Batı başkentlerindeki İsrail konsolosluklarında ektikleri ayrılık ve nifak tohumlarının bedeli olarak ulufe kovalayan Kürt ulusalcıları geçiyorum. Kürt halkının büyük çoğunluğu barış isterken; yaşanan tüm bu çatışmaların ve kavgaların asıl sorumlusu olan kesimlerin bugün hâlâ sürece taş koymak için direnmesi, bu ülkede şiddetin ve bölücülüğün kaynağının neresi olduğunu açıkça ortaya koymaktadır. Helallik dileyerek mahcubiyet içerisinde edepleriyle bir köşede durmaları gerekenlerin hâlâ süreci sabote etmeye çalışmaları gerçekten ibretliktir. Üzerine ne kadar “milliyetçi” ya da “vatansever” etiketi yapıştırılırsa yapıştırılsın, bu gerçeği değiştirmiyor. Kürt ulusalcılığının bölücü ve ayrıştırıcı; Türk ulusalcılığının ise birleştirici ve bütünleştirici olduğu yönündeki söylem, bir yanılgıdan ibarettir. İmparatorluk bakiyesi, farklı etnik ve mezhepsel unsurların bulunduğu bir coğrafyaya tek bir kimlik dayatmak; adalet ve kardeşlikle bağdaşmadığı gibi, birlik ve beraberliği de sağlamamıştır.
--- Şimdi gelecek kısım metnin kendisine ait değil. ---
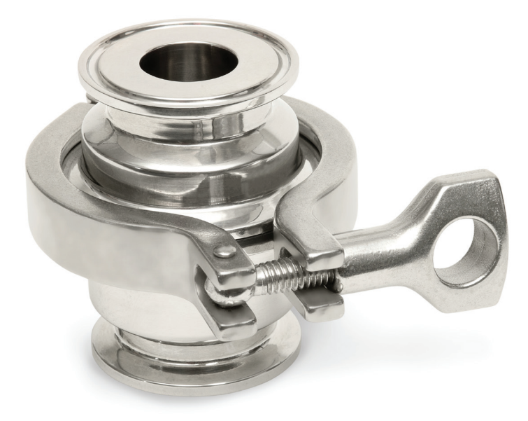
Fig. 1 Vertical option shown
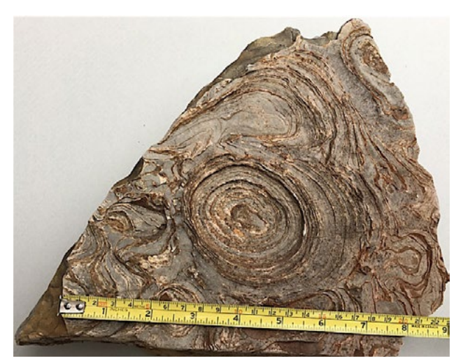
Figure 2. Precambrian stromatolite from near Meridian Lake, East Arm of Great Slave Lake. Diameter 11 cm.

Stromatolites (strom = layer, lithos = rock) are layered mounds, columns and sheets of rock built through microbial activity. Cyanobacteria, which are single celled organisms, formed slimy, gelatinous algal mats on the shallow seafloor or on the floors of saline lakes such as Great Salt Lake in Utah. These mats built upwards layer by layer by the trapping and binding of sediments in their sticky slime. This resulted in structures ranging in size from a couple of centimetres to more than 10 m across. Indeed, in the Belcher Islands, eastern Hudson Bay, middle Precambrian, 1.8 billion-years-old stromatolites form bioherms that are tens of metres in size.

Ayrıca, baştan beri seküler, Marksist ve ümmet karşıtı bir çizgide yürüyen PKK, silah bıraksa bile düşünsel pozisyonunu terk etmedikçe kalıcı bir kardeşlik ve toplumsal bütünleşme sağlanamaz. PKK’nin halkı temsil iddiası, en çok da bu halkın dini, kültürel ve geleneksel değerleriyle kurduğu ilişkide yaşadığı kopukluk sebebiyle boşa düşmektedir. Unutulmamalıdır ki; Kürtlerin ana omurgasını oluşturan muhafazakâr, İslamcı ve geleneksel çizgiye sahip geniş toplumsal kesimler, PKK’nin seküler ve Batıcı ajandasına hiçbir zaman gönül vermemiştir.
Sonuç olarak, yeni dönemin işaret taşları, yalnızca eski zihniyet kalıplarının reddiyle değil; yeni bir toplumsal tahayyülün inşasını gerektirir. Bu tahayyül, ümmet bilinciyle beslenen, etnik ve mezhebi farklılıkları adalet zemininde tanıyan ve kamusal alanı İslam’ın ahlaki ilkeleriyle şekillendiren bir ortamın oluşturulmasıyla mümkündür. Zira, tarih boyunca bu bölgedeki halkların huzur ve güven içinde bir arada yaşadığı yegane dönem, İslam’ın hâkim olduğu dönemdir.